I advise not moving the clock ahead to daylight time. When the universe was created, the sun wasn’t created until the third day. Hence, the creation did not begin on daylight savings time. Until about 1953, the state government here in Indiana did the right thing in declaring that clocks in all state institutions, including colleges and universities were to leave the clocks on Central Standard Time. The state colleges and universities ran the class schedule on daylight time, but the clocks remained on Central Standard Time. We learned to add an hour to what was on the clock during the summer months. For horn players, this is no problem in that we often have to transpose when the music is not in our home key of F.
All was well in Indiana until the state abolished the rule about maintaining clocks on Central Standard Time. We are now on Eastern Time and go to Eastern Daylight Savings Time in the summer. Now, terrible things have happened in Indiana–our funding to the public schools has been cut, the tuition at our state colleges and universities has far exceeded the rise in inflation, we have had one of the coldest February months on record and the IU basketball team may not get into the NCAA tournament. I don’t want bad things to happen to me, so I just leave the clock in my Sienna set where it is. (Actually, I am too lazy to get out the owner’s manual and step through the menu to reset the clock. Also, when I was growing up, the clocks in my parents’ cars of the 1940s and 1950s never kept the correct time anyway, so we never bothered to set them).
I’m for leaving it on DLT the whole year. Who cares if its dark at 7 am? Might even add another hour to it so its still light out at 11 pm. Works in Norway.

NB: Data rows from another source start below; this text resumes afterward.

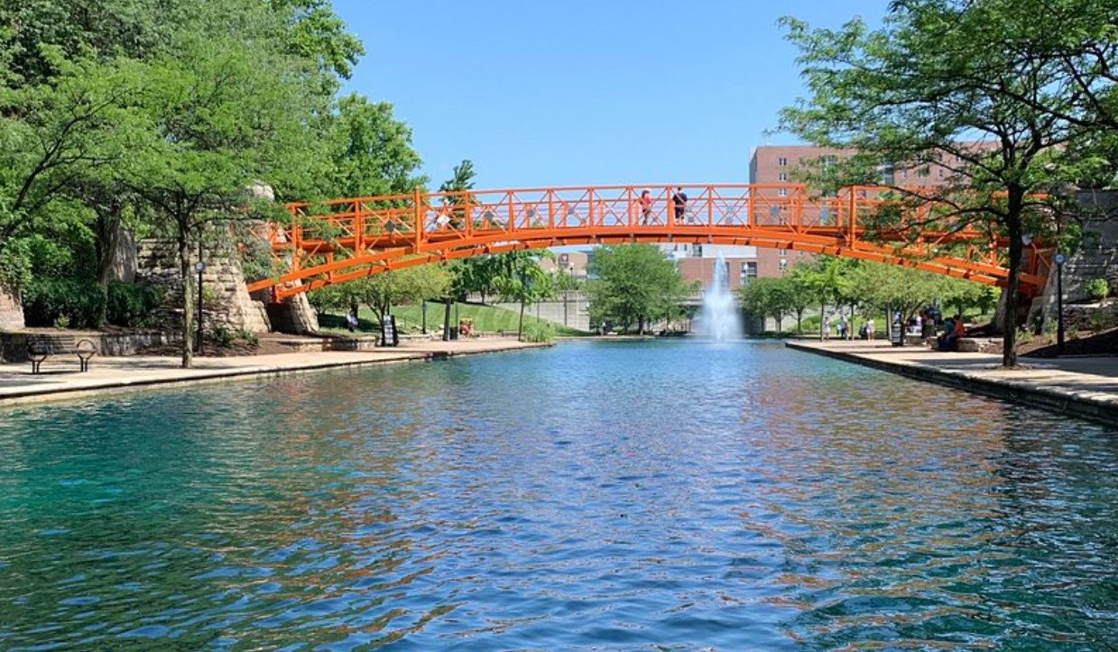 Today, the canal runs through downtown Indianapolis and is a scenic urban park area within White River State Park, featuring walking paths and cultural attractions. It is recognized as an American Water Landmark and serves as a prominent recreational and historic destination that reflects the city's early ambition to become a transportation hub through waterways.
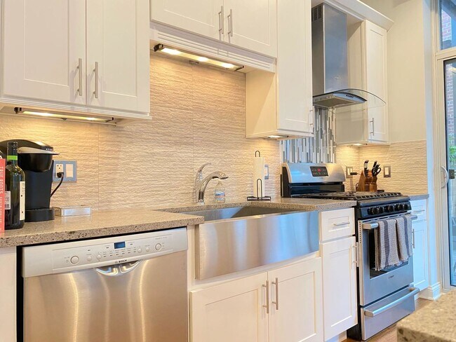 Short term or long term lease available starting 9/1/20 through 4/5/21, 7/31/21 or 8/31/21. There are only 3 of these amazing 1 bedroom/1.5 baths in the building. This unique corner unit offers an open concept living/dining space (larger than other units), separate kitchen pantry, hallway nook for desk/workspace and a HUGE outdoor terrace. Madison Throop Place is one of the West Loop's boutique rental properties. Located at 1247 and 1249 W. Madison St, these stunning apartments offer true condo-quality finishes. Units at Madison Throop Place feature: gourmet chef's kitchen complete with stainless steel Bosch appliances, quartz countertops and island, mixed glass backsplash, glass range hood and solid wood cabinetry. The efficiently designed living areas and bedroom have bamboo hardwood floors throughout the entire unit, custom designer paint, crown molding and up to ten-foot ceilings. Each bedroom has a custom designed closet with ample shelving and storage. The bathrooms are finished with Italian marble, huge glass showers, and solid wood cabinetry. All units include a washer/dryer in-unit, individually controlled heating and cooling, and a balcony or private outdoor space. Madison Throop Place's convenient West Loop location provides easy access to The Loop, Fulton Market District and the Eisenhower and Kennedy Expressways. The building is walking distance from 1K Fulton, Target, Skinner Park, and the city's best dining on Restaurant Row. One heated garage parking spot available for $150/month
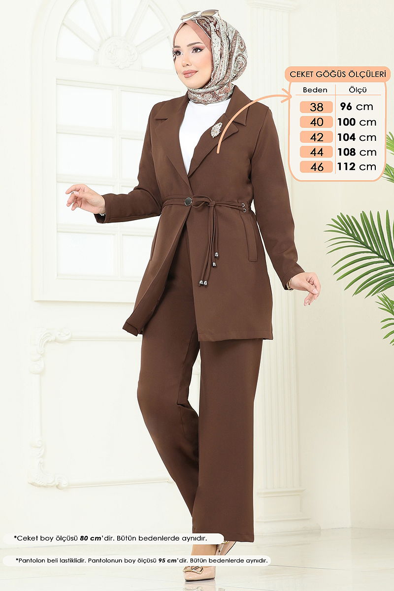 This stylish and modern Belted Jacket Suit is a perfect choice for women who prefer modest clothing. Suitable for all seasons, this suit is made from dabıl fabric that is safe for gentle washes at 30 degrees. It features a double-breasted design with a lined interior for combined comfort and elegance. The jacket's belted design ensures a flattering fit, while the pants have an elastic waistband for comfortable wear. This ensemble will provide an elegant appearance for any setting and become a staple in your wardrobe.
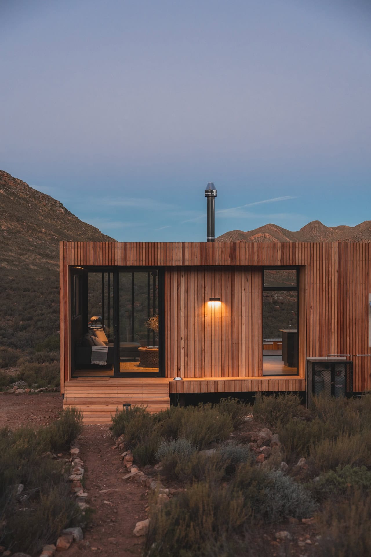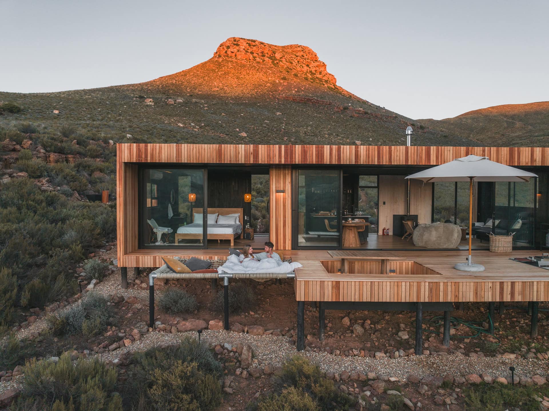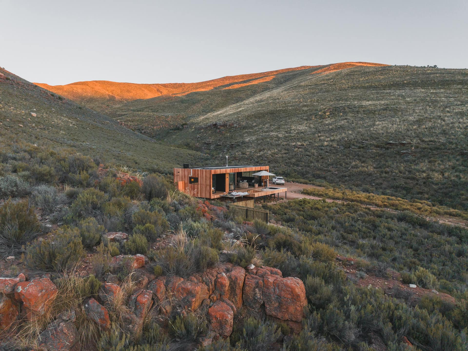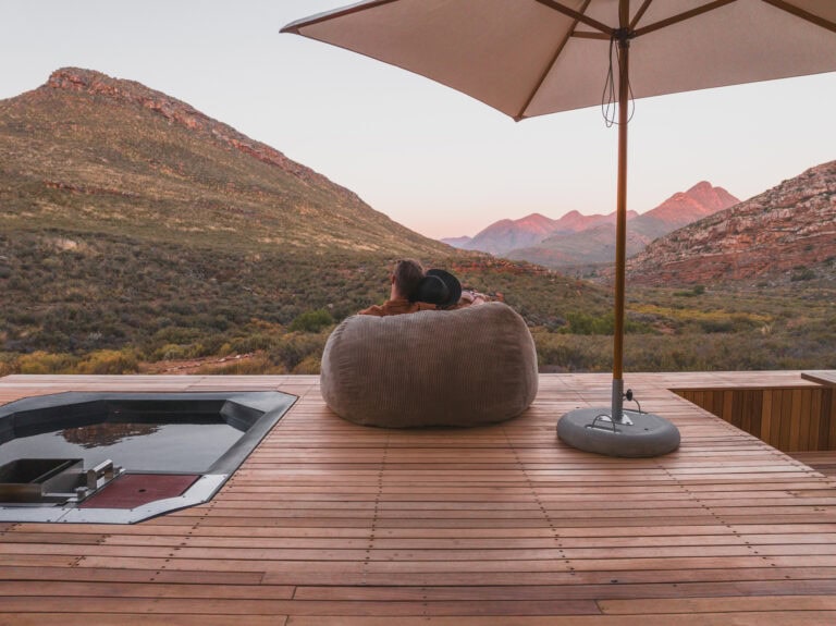 Located in the Breede Valley, between Montagu and Touws River (2 hours 30 minutes from Cape Town), this eco-friendly, modular cabin blends seamlessly into the surrounding landscape and offers the perfect escape for couples looking for seclusion and privacy.
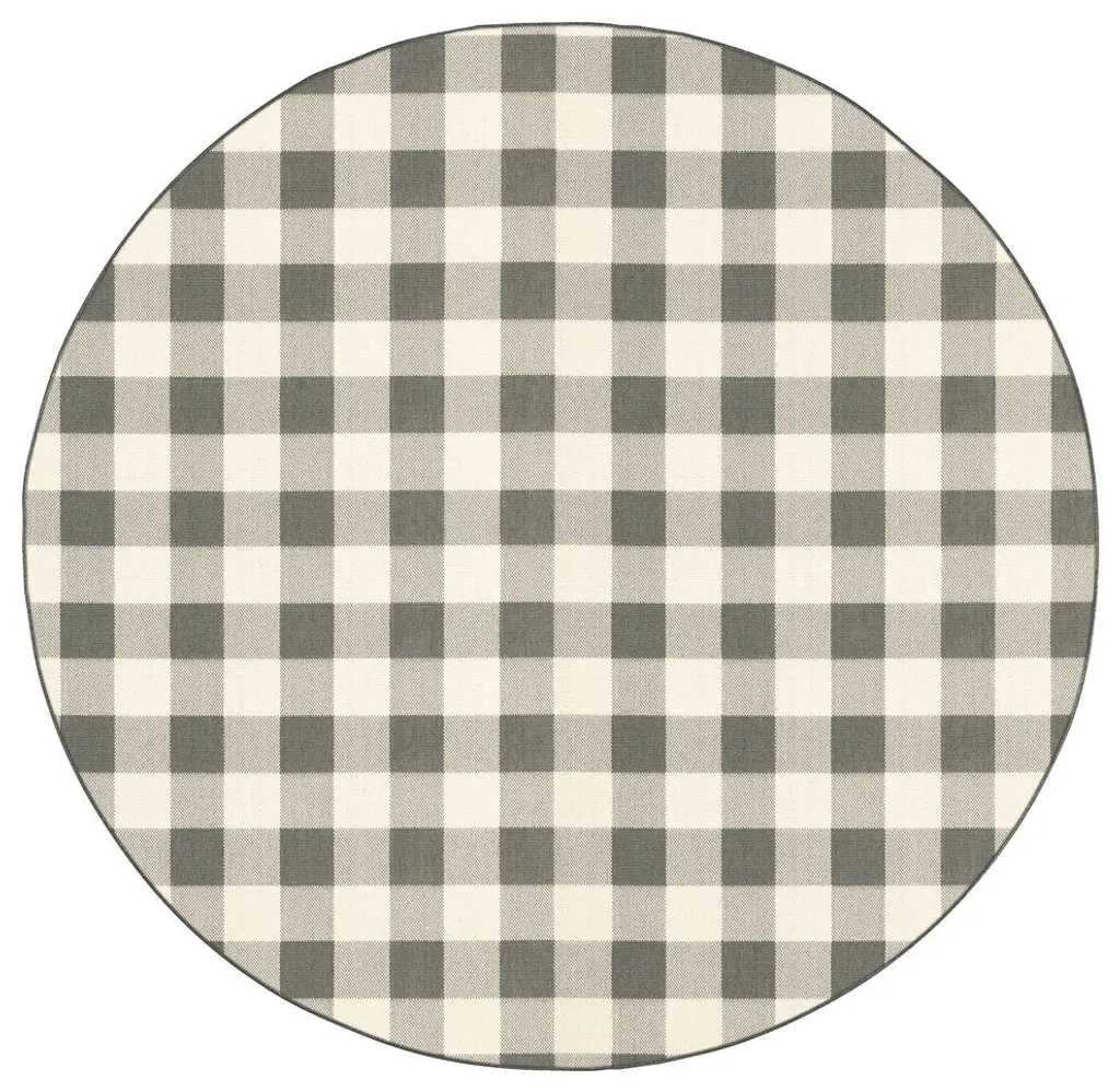 Martinique Gingham Check Indoor/outdoor Area Rug, Grey, 7'10" Round
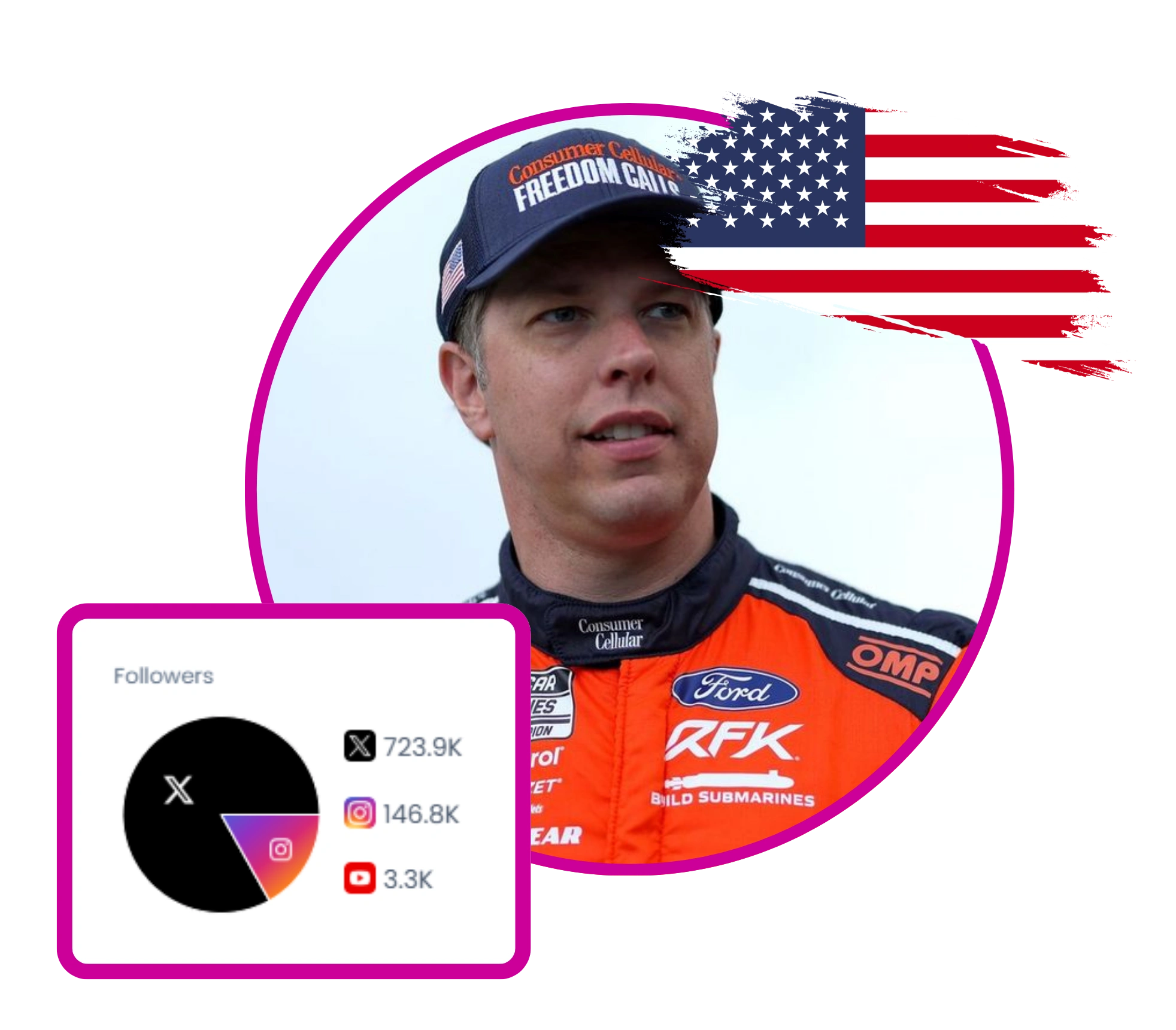 Brad Keselowski is a NASCAR champion, RFK Racing owner, and founder of the Checkered Flag Foundation and Kam Solutions. He shares race updates, rehab progress, family moments, and behind-the-scenes looks at racing, leadership, and philanthropy across Instagram, YouTube, and Twitter.

As far as changing the clocks, on my Pontiac you just hit the clock button and rotate the radio station knob where ever you want to go. No gimmicks. Couldn’t be simpler. On the Acura, its automatic but sure it would take a half hour if it wasn’t. I don’t change the clock in the Olds anymore so anyone driving it is on their own.
My last two rangers were simple to change the time. Both had two small recessed buttons that you could push with and ball point pen. One for hours one for minutes.
But I’ve had others that I always had to look up the procedure in the owners manual.
Advantage to my Camry with its easy little button over the Impala predecessor with its complicated time set hassle of sub-menus.
As to the design nerds who put complicated computer menu hell in cars just becsuse they think the entire world should be slave to sub-menu hell…well, to borrow an old Arab curse, may the fleas of a thousand camels infest their tents.
@Marnet My previous car, a Chevy Caprice had a nightmarishly complicated way of setting time using tiny buttons and submenus. Setting the radio stations was tough as well.
You’re overgeneralizing. For my current car (a Lexus), my previous car (an Acura), and my wife’s current car (a BMW), it’s either automatic or trivial (ten seconds at most).